Happy Father's Day W. I love you to the moon and back.



Monday, June 13, 2011

VBS!








I praise you because I am fearfully and wonderfully made; You're works are wonderful, I know that full well. Psalms 139:14



This week is Pandamania VBS at my church. Pandamania. Where God is wild about YOU. We are learning about how God made each of us unique. How he knows everything about us, down to the number of hairs on our heads. Even the little boy in my group who said "what about me? I don't have much hair!". See, he's got an adorable little crew cut going on. But yes, even you L, God knows exactly how many hairs you have on your head. And he knows everything about you! Isn't that great? Isn't that AWESOME? The premise behind Pandamania is Psalms 139.

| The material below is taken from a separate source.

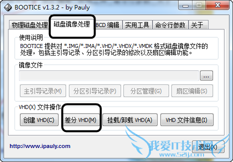 2.打开BOOTICE,在磁盘镜像处理标签下 ,点击差分VHD按钮
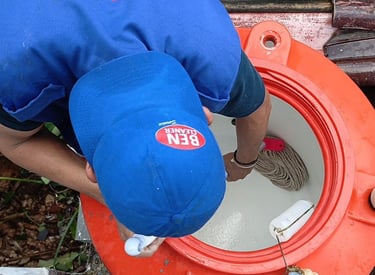 8en Cleaner Service menyediakan menyediakan jasa membersihkan penampungan air, seperti toren, gelonteng dan kolam penampungan air

I have an amazing group of soon-to-be first graders and an even more amazing youth helper. Thank God for her. I'm not sure I could wrangle all those kiddies without her! It is amazing to see God work through us (the crew leaders, drama teachers, craft workers, and snack leaders) to be a shining light to so many amazing children. I preay that they are learning something new about God, something that they can take with them.

I love Vacation Bible School. LOVE IT. Loved it when I was a child, love it as an adult. It has been (and still is) one fo the highlights of summer for me. And I love hearing all about A's day on the drive home. We do the same things, just not together, so I can ask her all the right "open-ended" questions. It is amazing though to see what she takes away from it. I love a child's perspective. I also love hearing the perspectives of my group. They are some precious babies!


So, tomorrow is another day at VBS with Pandamania! Another day of hearing how God knows each of us. Another AWESOME day of praise with some of the greatest kids on the planet!

You have searched me, Lord, and you know me. You know when I sit and when I rise; your perceive my thoughts from afar. Psalms 139:1-2


**photo courtesy of Group.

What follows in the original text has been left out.